60L turtle tank- the turtles eat them all (apart from duckweed which i have an infestation in another tank so it gets dumped in the tank and they take their time polishing that off).

Sorry about the long post.

Thanks aunt kymmie for pointing me in the right direction.

redchigh- had a small bulldog plec in the tank he died shortly before i noticed the parasites, might not be connected but don't want to take the risk. I will begin cleaning the substrate of any mess and extra food and see how that goes.


----------



## redchigh (Jan 20, 2010)

Actually I've had those planaria in most of my soil setups..

They are a signal of excess organics, but I'm almost positive they're harmless... When they show up, your fish may get sick.. but it's more than likely from the nitrites and ammonia than the pests themselves.


----------



## Gav (Aug 22, 2009)

I'll take you're word for it and hold out until the new tank arrives and deal with them then, do you think I will be ok to move the fish from the 90 to the 125 without bringing the planaria with them?


----------



## redchigh (Jan 20, 2010)

I don't imagine they'd be on the fish... They live in the substrate mostly.


----------



## Gav (Aug 22, 2009)

Thats great to hear, i can finally stop worrying, cheers for all the help.
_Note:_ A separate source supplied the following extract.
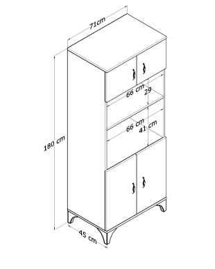 Genişlik: 71 cm – Derinlik: 45 cm – Yükseklik: 180 cm
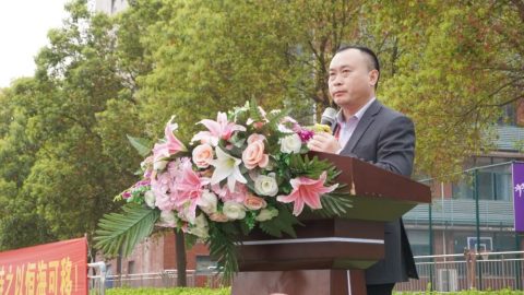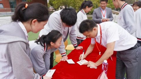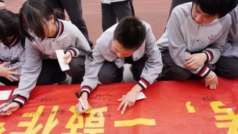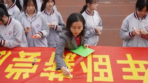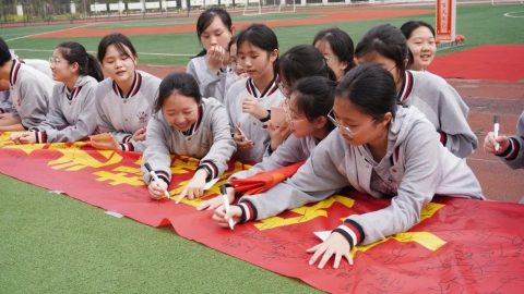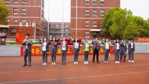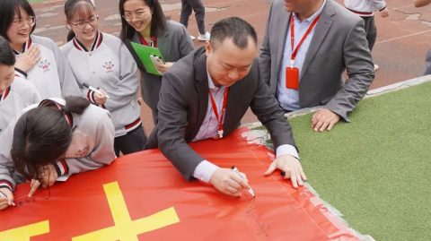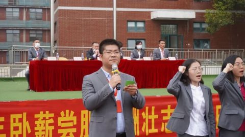 初中部王乐平校长带领九年级全体备考团队庄严宣誓:将与全体九年级学子一起同甘共苦,风雨同舟,挥洒汗水,奋战百天,决战中考!

Will let everyone know how things go after the fish are moved and the turtles are in their new home.


----------



## SinCrisis (Aug 7, 2008)

seems kinda big for planeria..? Mine have never grown to more than a 5mm...


----------



## enddoc (Mar 30, 2016)

To kill snail leeches do this:
· To test for snail leeches is simple ¼ teaspoon shrimp pellets will bring them out
· First remove all plants.
· Dip plant in a 50% hydrogen peroxide solution to dislodge pests by flushing with water
· Save your plants in a bucket for 4 weeks
· Remove all creatures which will die from salt being added, Rams horn, Pond snails
· Snail leeches survive Clorox and all other solutions. I know I tried all suggested chemicals
· Bring the salt level part- per-Thousand to 3 ppt with softener salt for 1 week
· Lower it to 2 ppts for 2 weeks
· The last week, do the above test.
· If no leeches then change out with freshwater during this last week to 0 ppt salt.
How this works is the apparently the leeches ball up in a protective cocoon and starve to death.


----------